Бол забрался в машину, захлопнул дверцу и сказал Экстейну уже в окно:
— Ты знаешь, что он сказал? Правосудие превыше закона… превыше закона!
— Но разве это не одно и то же? — Экстейн озадаченно уставился на Бола.
— В том-то и дело, парень. Закон есть закон. Закон говорит: так-то и так-то; законники толкуют о том, как понимать эти слова, согласен, но, уж когда они кончат разговоры, пусть остановятся на том, что записано в книгах.
— Правильно.
— Если правительство говорит: «таков закон», и они его записали, то так это и есть. И никто не может спорить. Если кафр не взял паспорт, он не взял паспорт. Закон говорит, что он обязан иметь его при себе… Правосудие превыше закона! — Бол фыркнул от возмущения. — Старик просто спятил. Он совсем уже из ума выжил.
Бол уехал, и Экстейн остался в участке за старшего. Старший констебль сдал ему дежурство, переоделся и отправился в гостиницу. Каждую субботу после пяти они встречались там с Мадзополусом, чтобы сыграть на бильярде и выпить.
Грек, пристрастившийся еще в Египте к французскому бильярду, очень скоро преуспел и в игре цветными шарами на большом столе. За два года Бильону так ни разу и не удалось обыграть его, хотя старший констебль числился в сильных игроках.
Этот час, что Бильон проводил в обществе грека, был для старшего констебля единственным удовольствием, которое он позволял себе за целую неделю. Давнишняя слава чемпиона в регби и непобедимого теннисиста ушла в прошлое, и бильярд был его последним спортивным увлечением, от которого его еще не отрешила Генриетта.
Мадзополус запаздывал, но Бильон, предвкушая удовольствие от игры, не сердился. Он составил шары, ловко разбил аккуратный треугольник и теперь не спеша примерялся красным шаром к выигрышным ударам, которыми законно мог бы похвастать. Красные и черные шары мягко скользили в лузу, и он поднимал счет, удовлетворяя свое безобидное тщеславие.
Вельветовые бриджи Бильона были стянуты в поясе широким кожаным ремнем, спускавшимся до самых бедер, совсем на манер корсета, державшего солидное чрево старшего констебля. Когда он, изготавливаясь к удару, наваливался на край бильярда, оно внушительно расплывалось по зеленому сукну.
Пришел Мадзополус. Он не стал извиняться за опоздание. Они сразу же начали. И тут же стало видно, что мысли Мадзополуса витают где-то далеко от бильярдного стола.
Как ни был Бильон поглощен игрой, даже он это заметил.
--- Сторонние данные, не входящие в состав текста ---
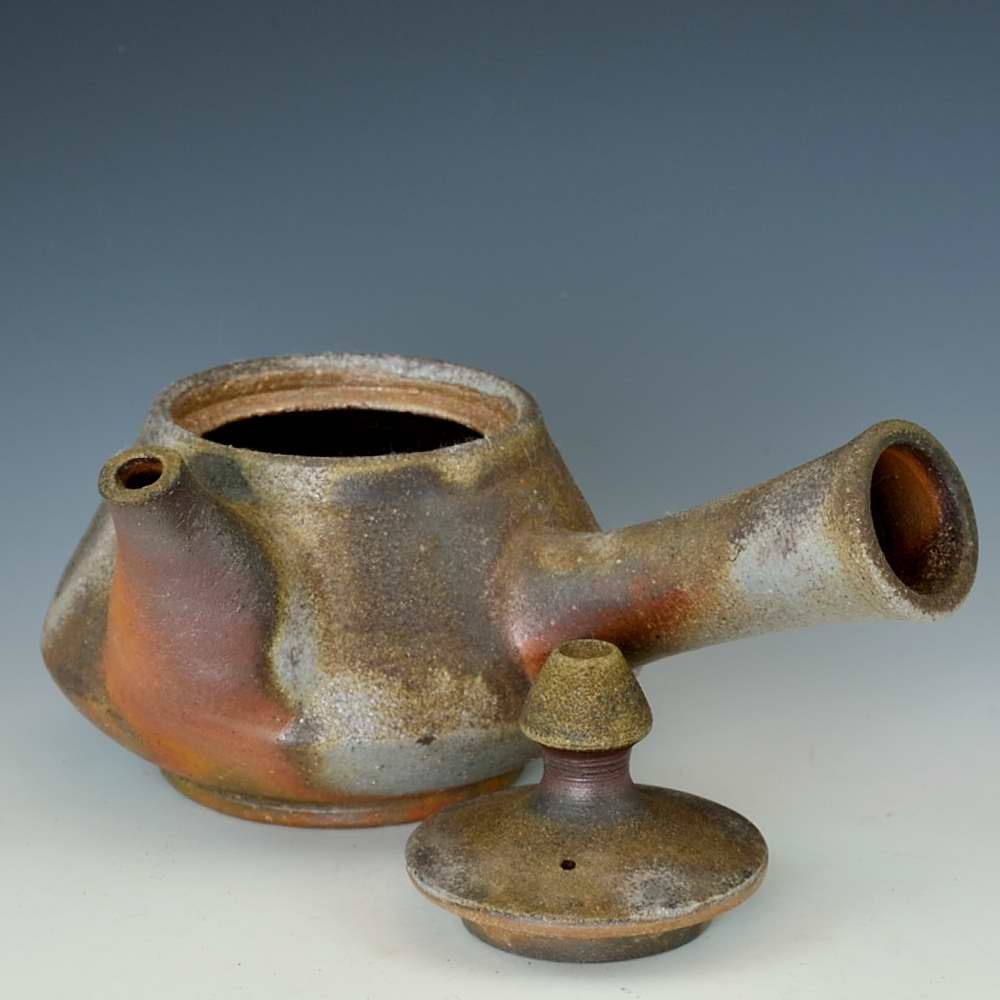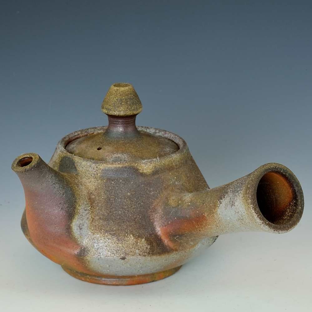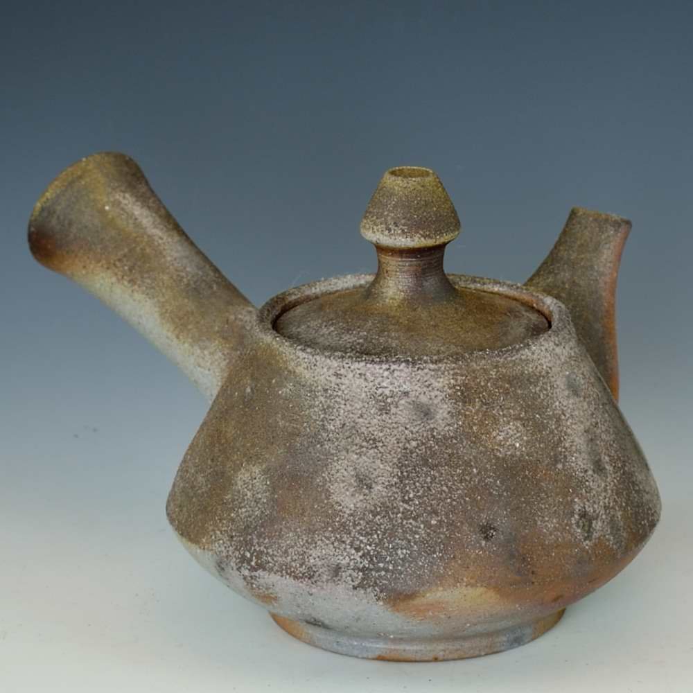 横手急須。木村庸祐によってろくろで作られ、作品の底には作家のサインが入っています。登り窯で赤松の割り木だけを使い、約2週間焼き締められました。釉薬は全く使われておらず、土と炎から生み出される自然の色をお楽しみください。急須: 幅約17cm, 直径10cm, 高さ約10cm, 約250ml 程入ります。備前焼は一点一点手作りのため、焼けや風合いが異なることが多少ございます。どうぞご了承ください。
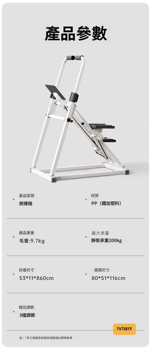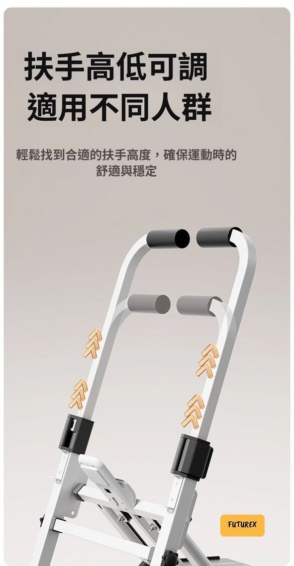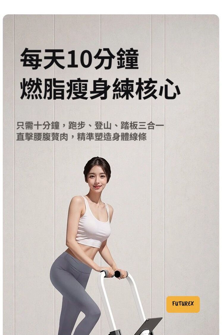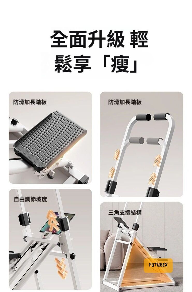 - 三合一多功能設計:爬樓、跑步、踏板運動一機搞定
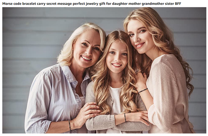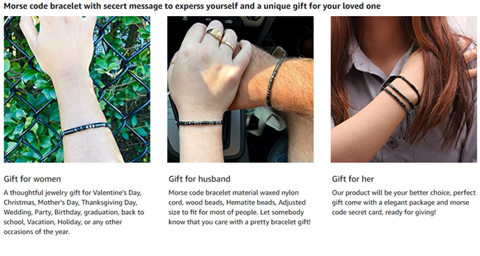 The stainless steel bead on the bracelet represents a "dot" in code, and the hematite bead represents a "dash".

— Что это тебя так заботит, дружище? — поинтересовался старший констебль.
— Ничего особенного. Вовсе ничего… если не считать дел.
Бильон послал в лузу желтый, зеленый и коричневый и вышел на отметку «40». Мадзополус объявил проигрыш и положил кий. Следующую партию грек тоже провел кое-как, и Бильон опять выиграл.
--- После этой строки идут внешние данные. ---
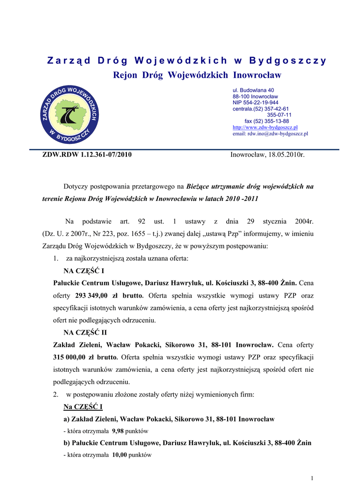 Zarząd Dróg Wojewódzkich w Bydgoszczy Rejon Dróg Wojewódzkich Inowrocław WOJE ÓG W DR KICH DZ ZARZĄD Ó ul. Budowlana 40 88-100 Inowrocław NIP 554-22-19-944 centrala.(52) 357-42-61 355-07-11 fax (52) 355-13-88 http://www.zdw-bydgoszcz.pl email: [email protected] Y W BY DGOSZ C Z Inowrocław, 18.05.2010r. ZDW.RDW 1.12.361-07/2010 Dotyczy postępowania przetargowego na BieŜące utrzymanie dróg wojewódzkich na terenie Rejonu Dróg Wojewódzkich w Inowrocławiu w latach 2010 -2011 Na podstawie art. 92 ust. 1 ustawy z dnia 29 stycznia 2004r. (Dz. U. z 2007r., Nr 223, poz. 1655 – t.j.) zwanej dalej „ustawą Pzp” informujemy, w imieniu Zarządu Dróg Wojewódzkich w Bydgoszczy, Ŝe w powyŜszym postępowaniu: 1. za najkorzystniejszą została uznana oferta: NA CZĘŚĆ I Pałuckie Centrum Usługowe, Dariusz Hawryluk, ul. Kościuszki 3, 88-400 śnin. Cena oferty 293 349,00 zł brutto. Oferta spełnia wszystkie wymogi ustawy PZP oraz specyfikacji istotnych warunków zamówienia, a cena oferty jest najkorzystniejszą spośród ofert nie podlegających odrzuceniu. NA CZĘŚĆ II Zakład Zieleni, Wacław Pokacki, Sikorowo 31, 88-101 Inowrocław. Cena oferty 315 000,00 zł brutto. Oferta spełnia wszystkie wymogi ustawy PZP oraz specyfikacji istotnych warunków zamówienia, a cena oferty jest najkorzystniejszą spośród ofert nie podlegających odrzuceniu. 2. w postępowaniu złoŜone zostały oferty niŜej wymienionych firm: Na CZĘŚĆ I a) Zakład Zieleni, Wacław Pokacki, Sikorowo 31, 88-101 Inowrocław - która otrzymała 9,98 punktów b) Pałuckie Centrum Usługowe, Dariusz Hawryluk, ul. Kościuszki 3, 88-400 śnin - która otrzymała 10,00 punktów 1 Na CZĘŚĆ II a) Zakład Zieleni Wacław Pokacki, Sikorowo 31, 88-101 Inowrocław - która otrzymała 10 punktów b) Pałuckie Centrum Usługowe, Dariusz Hawryluk, ul. Kościuszki 3, 88-400 śnin - która otrzymała 9,11 Punktów c) Firma Handlowo – Usługowa s.c. Ryszard i Maria Szydłowscy, ul. Piłsudskiego 48, 87-820 Kowal - która została odrzucona z postępowania na podstawie art. 89 ust 1 pkt. 4 „ustawy Pzp” 3. Łącznie wszystkim ofertom przyznano: Na CZĘŚĆ I: 19,98 punktów. Na CZĘŚĆ II: 19,11 punktów. 4. Z postępowania nie wykluczono Ŝadnego Wykonawcy. 5. W postępowaniu odrzucono na podstawie art. 89 ust. 1 pkt. 4 „ustawy Pzp” Firmę Handlowo – Usługową s.c. Ryszard i Maria Szydłowscy, ul. Piłsudskiego 48, 87-820 Kowal Komisja przetargowa w trakcie obrad w dniu 14.05.2010r. stwierdziła, iŜ treść ofert ww. wykonawcy jest niezgodna z treścią SIWZ. Zamawiający w dniu 30 kwietnia 2010r. dokonał zmiany treści SWIZ w zakresie sposobu rozliczania, płatności i odbioru wykonywanych usług, zmianie uległ takŜe formularz oferty i „ślepy” kosztorys ofertowy. Zmiana został umieszczona na stronie internetowej Zamawiającego oraz w siedzibie Zamawiającego w dniu 30.04.2010.r Wykonawca nie uwzględnił zmian wprowadzonych do SIWZ w swojej ofercie, w związku z powyŜszym treść oferty nie odpowiada treści SIWZ, taki stan faktyczny wypełnia dyspozycję przepisu art. 89 ust. 1 pkt. 4 „ustawy PZP”, w związku z czym oferta w/w wykonawcy została odrzucona. 6. Zamawiający zamierza podpisać umowy z wykonawcami po upływie 10 dni od dnia przesłania niniejszego zawiadomienia wykonawcom. Na czynności podjęte przez Zamawiającego w postępowaniu przysługują środki ochrony prawnej przewidziane w art. 179 – 183 „ustawy”. 2
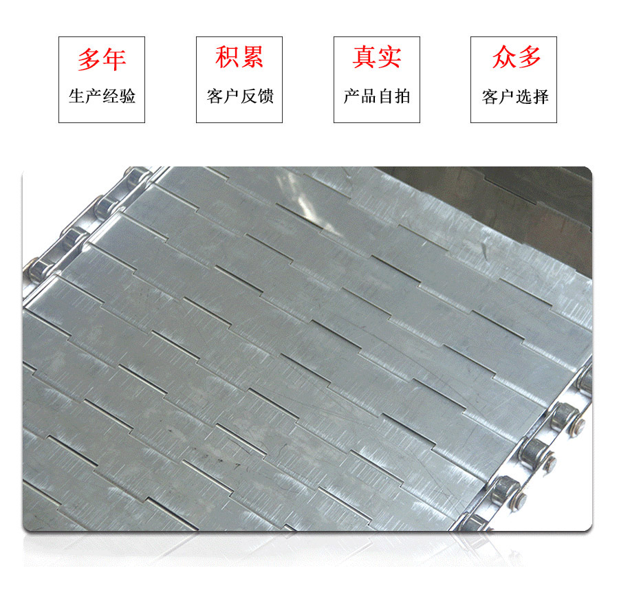 鏈板輸送帶:是采用不銹鋼板沖壓成型,鏈條傳動(dòng),每節(jié)由6-10mm支撐桿連接,其運(yùn)動(dòng)平穩(wěn)、力量大,適合用于輸送細(xì)小的高密度物件,輸送過程中運(yùn)轉(zhuǎn)平穩(wěn),安裝更換方便,成本高,使用壽命較長。

— Ты не заболел ли? — спросил Бильон участливо, сам не веря в свою удачу.
— Да нет, ничего.
— Что-то с тобой сегодня неладно. Два года я не мог тебя побить, и, черт побери, вот я разделываю тебя всухую.
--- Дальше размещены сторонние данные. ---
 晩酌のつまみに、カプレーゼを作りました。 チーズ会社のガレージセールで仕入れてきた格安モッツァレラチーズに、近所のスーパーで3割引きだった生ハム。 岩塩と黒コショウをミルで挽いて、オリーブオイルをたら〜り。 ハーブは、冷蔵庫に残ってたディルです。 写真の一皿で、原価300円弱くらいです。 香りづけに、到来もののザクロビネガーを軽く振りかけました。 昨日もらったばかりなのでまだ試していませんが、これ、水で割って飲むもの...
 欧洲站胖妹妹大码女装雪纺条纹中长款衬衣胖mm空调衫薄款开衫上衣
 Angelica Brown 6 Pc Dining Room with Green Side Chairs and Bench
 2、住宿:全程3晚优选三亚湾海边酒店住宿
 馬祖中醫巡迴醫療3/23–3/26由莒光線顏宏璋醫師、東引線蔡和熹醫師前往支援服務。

Мадзополус перегнулся через стол и снова промазал простейший удар. Бильон срезал красный, забил его в среднюю лузу.
— Вам просто чертовски везет! — Грек через силу улыбнулся, и Бильону вдруг пришло в голову, что здесь и вправду что-то не так.
— Слушай, Ари, ну-ка, выкладывай, что у тебя на уме. Ты сегодня явно не в форме. Два года, дружище, два года, и я ни разу у тебя не выигрывал. Пошли на веранду, я угощаю. Я же вижу, что тебя что-то гнетет.
Бренди оказалось плохое и свирепое.
— Ну, если бы ты был полисменом или там доктором, я еще понимаю, у тебя могли быть заботы, — сказал Бильон, — в наши дни даже государственные деятели ударились во все тяжкие…
— Вот как? — перебил его Мадзополус. — Не сказал бы, что так уж сладко приходится простому лавочнику. Ты видел фотографии магазинных витрин после этого бунта в Натале?